Spike Lee might hate us a little for riffing off the title of one of his more mediocre films, but if the title fits, well, who’s gonna blame us?

We know we just gave you some great ideas for books to kick back with by the pool or on the beach here, but it’s summer and you can’t have too many. So here are a few more in case you are chewing through the previous list at an impressive rate or those other books just weren’t for you.

1. The Art of Hearing Heartbeats— Oh, this book wooed us! In that old-fashioned, damn-I-had-no-idea-I-could-be-knocked-off-my-feet-like-that kind of way. First of all, it started off as a sort of mystery: Dad disappears and daughter goes off to find him. Then the story morphs and suddenly you find yourself smack dab in the middle of an honest-to-goodness-old-fashioned romance. Once you catch on to what’s happening in this story within a story,  you will be hooked, so just willingly suspend that disbelief and succumb to the infinite charms of this deeply beautiful and affecting love story. You are gonna be all warm and fuzzy about true love after this one—Fifty Shades be damned!

2.Lifeboat—Charlotte Rogan’s kind of a rock star. With this first novel, she has created a book with the characters, plot, and pace  you crave in a great summer read.
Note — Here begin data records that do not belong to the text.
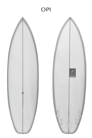 Model: OP1. Standard high-performance shortboard built for fun+ waves.Ability: Beginner to advanced surfers looking for something fun for the mid-sized days.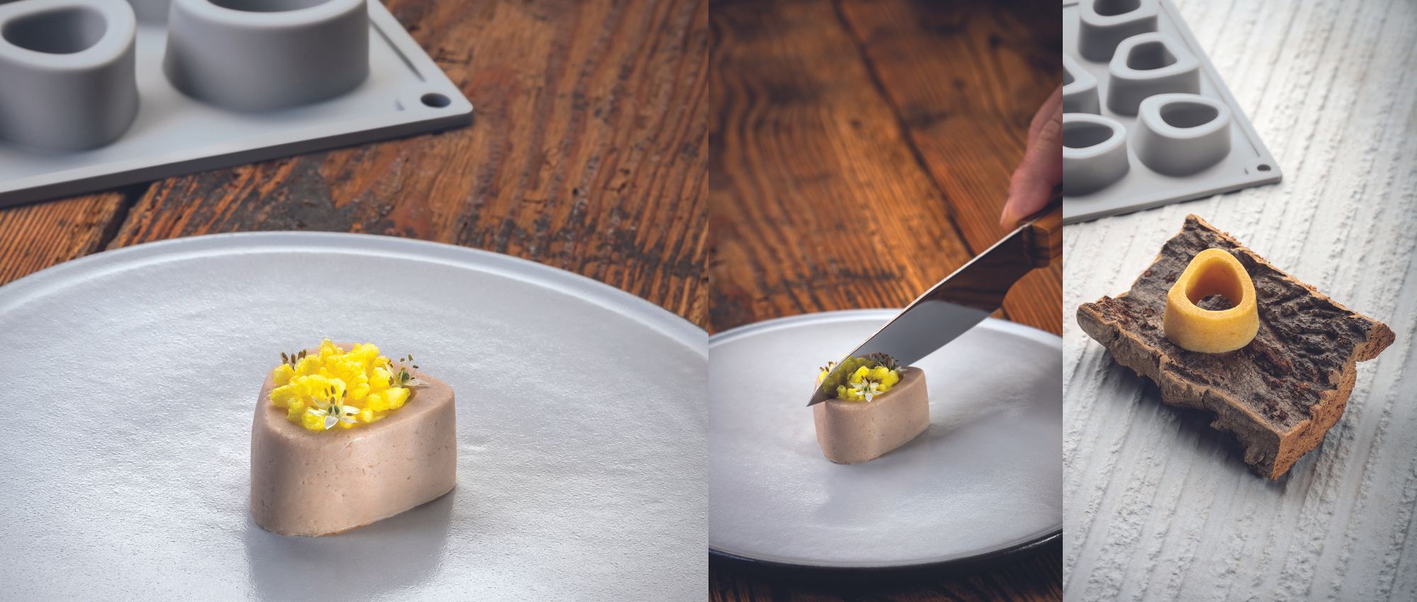 Frullare tutti gli ingredienti, setacciare, dividere il composto negli stampi e cuocere in forno a vapore a 85°C per 20 min. Far raffreddare.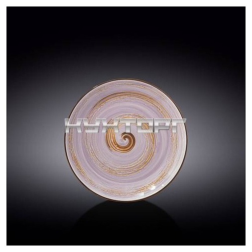 Круглая тарелка Wilmax WL-669712 / A отличается высокой прочностью, выдерживает значительные перепады температур, что позволяет использовать ее в духовых шкафах, микроволновых печах и в посудомоечной машине. Изделие выполнено из высококачественного цветного фарфора с узором в виде спиралей.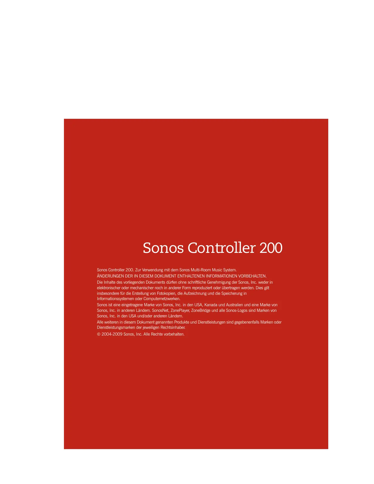 - United Kingdom: 0808 2346596 If your country is not listed here, please visit the Text-Chat and Telephone link (above) to find the correct telephone number for your country. Sonos Controller 200 Sonos Controller 200. Zur Verwendung mit dem Sonos Multi-Room Music System. ÄNDERUNGEN DER IN DIESEM DOKUMENT ENTHALTENEN INFORMATIONEN VORBEHALTEN. Die Inhalte des vorliegenden Dokuments dürfen ohne schriftliche Genehmigung der Sonos, Inc. weder in elektronischer oder mechanischer noch in anderer Form reproduziert oder übertragen werden. Dies gilt insbesondere für die Erstellung von Fotokopien, die Aufzeichnung und die Speicherung in Informationssystemen oder Computernetzwerken. Sonos ist eine eingetragene Marke von Sonos, Inc. in den USA, Kanada und Australien und eine Marke von Sonos, Inc. in anderen Ländern. SonosNet, ZonePlayer, ZoneBridge und alle Sonos-Logos sind Marken von Sonos, Inc. in den USA und/oder anderen Ländern. Alle weiteren in diesem Dokument genannten Produkte und Dienstleistungen sind gegebenenfalls Marken oder Dienstleistungsmarken der jeweiligen Rechtsinhaber. © 2004-2009 Sonos, Inc. Alle Rechte vorbehalten. SVENSKA NEDERLANDS DEUTSCH ENGLISH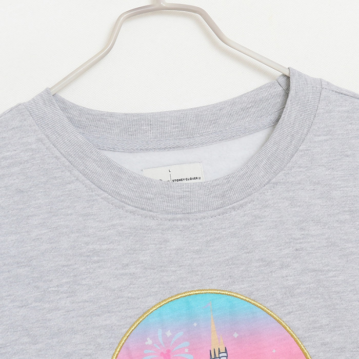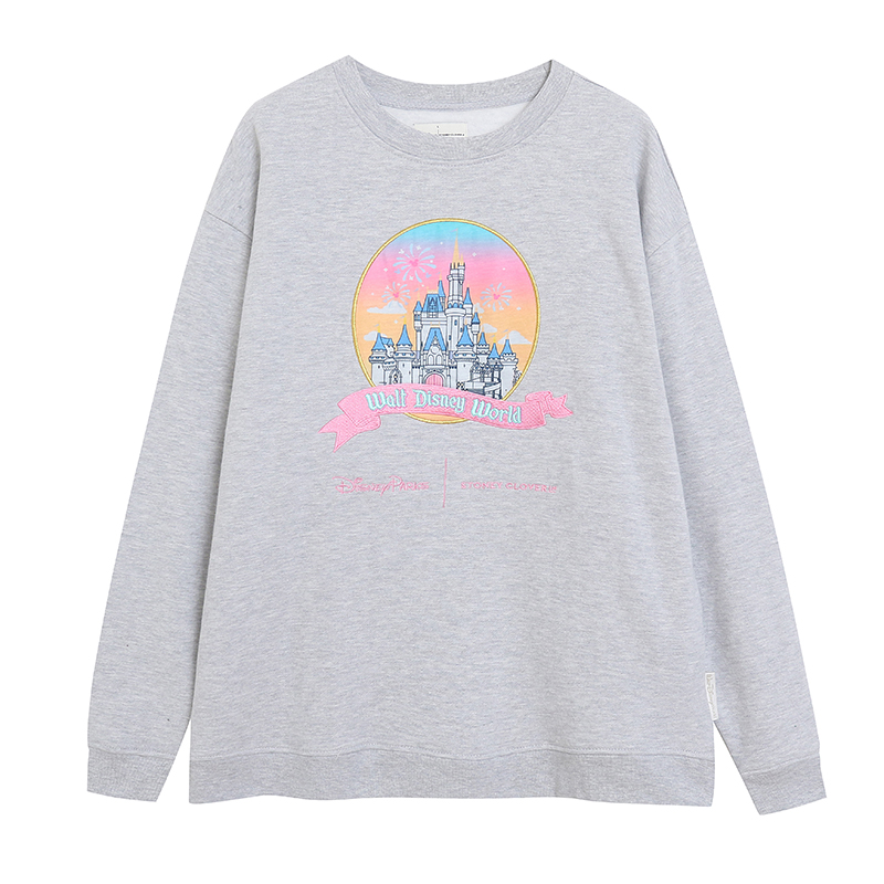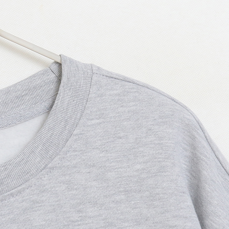 樂園款~有質感灰色卡通字母刺綉衛衣女士圓領薄絨寬松大碼上衣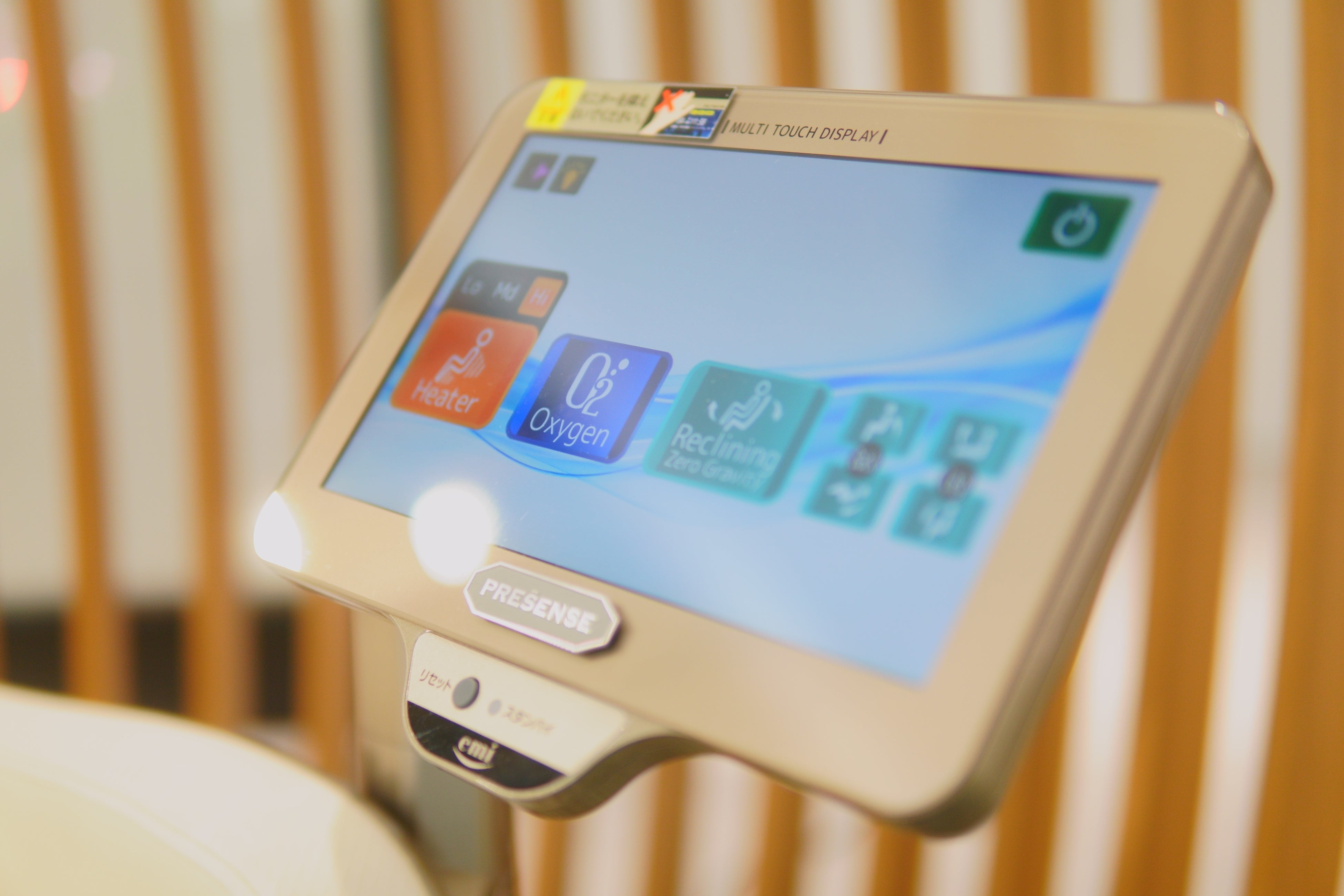 酸素チェアの操作部は、シンプルな英語表記とピクトグラムを併記したタッチパネルを採用し、初めての方でも直感的に操作できる設えとしています。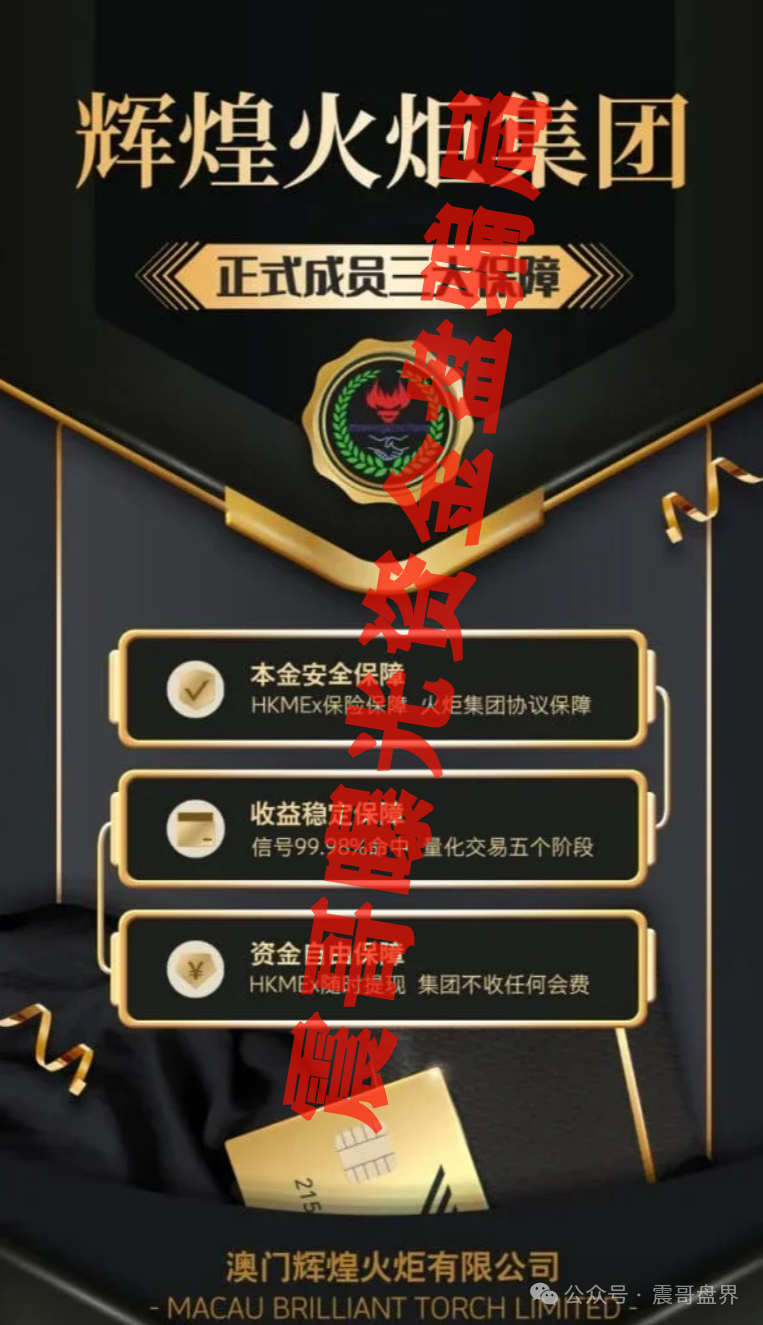 这破项目名字听着挺唬人吧?还澳门辉煌火炬,震哥一查就乐了——澳门金管局压根没这号玩意儿!那帮搞传销的连交易所资质都敢PS,朋友圈豪车豪宅全是盗图,就这水平还敢装金融精英?

A bonus is that you will get so caught up in it that you’ll be chartering your own craft before the novel’s done.

Rogan grew up in a sailing family, and her descriptions of the sea itself are pretty engrossing (haven’t read such great imagery since The Perfect Storm). But that’s just half of the appeal.  The other main draw is her narrator Grace—a newlywed with secrets and sass. No eye-rolling, please, but Erin and her sister had an intense  hour-long conversation about whether Grace can be trusted to tell the story honestly. You will be wondering too, and that’s part of what elevates this story to really wonderful.

3. Broken Harbor by Tana French– This is a weird choice, because we haven’t actually read it, but we absolutely will and you should too. In fact, we already said how much we love Tana French here, but we should probably say it again: If you haven’t read her, rectify that situation. Pronto. This is what we know about the new novel. It is set in Dublin (like the other books), it involves a mystery to be solved, and it will be released July 24th.  It will be wonderful. We just know it!! Reserve your copy today!!

4. Silver Girl by Elin Hildebrand— You may not have noticed, but we have a little section at the top of our blog where we review books. This is one of the first beach reads Ellen reviewed. Here’s an excerpt from that review:

“While the disaster that befalls, Meredith, the wife of the orchestrator of a fictional Ponzi scam is the storyline, I was drawn in by the rich character development and the authenticity of all of the relationships.  The friendship between Meredith and Connie is as messy as you would expect for two people who have known each other since childhood: full of mistakes, history, tears, jealousy, and forgiveness.”

You can read the rest here. Then grab a cool drink, a comfy chair, a great view, and escape.

5. The Leftovers by Tom Perrotta— This is another great read from a favorite writer who understands our current culture and climate so well. This book is one answer to the question: What happens when it all goes away? It’s a compelling, thought-provoking, and wonderful read—what more can you ask for with your toes in the sand?

6. The Wilder Life by Wendy Mc Clure— Not all of us were Laura Ingalls Wilder fans when we were girls, but this book will get you all excited about butter churns and samplers.  This is an infectious fun book about the ultimate dork road trip. You will be gassing up the minivan and pointing it westward in no time.

7. Look At Me by Jennifer Egan—This is another book club favorite. But this one comes with a warning: this book is hard to love even when you cannot put it down. Intrigued? You should be. This book is definitely going to get you thinking. The central character Charlotte is a model that loses her looks in a horrific car accident. As she is healing, she is nearly unrecognizable. This leaves ample room for the talented Egan to spin a tale that takes  on our society’s obsession with appearances. Sound a little deep for poolside reading? We have a whole group of friends who would challenge that notion. You won’t be sorry if you add this to your stack.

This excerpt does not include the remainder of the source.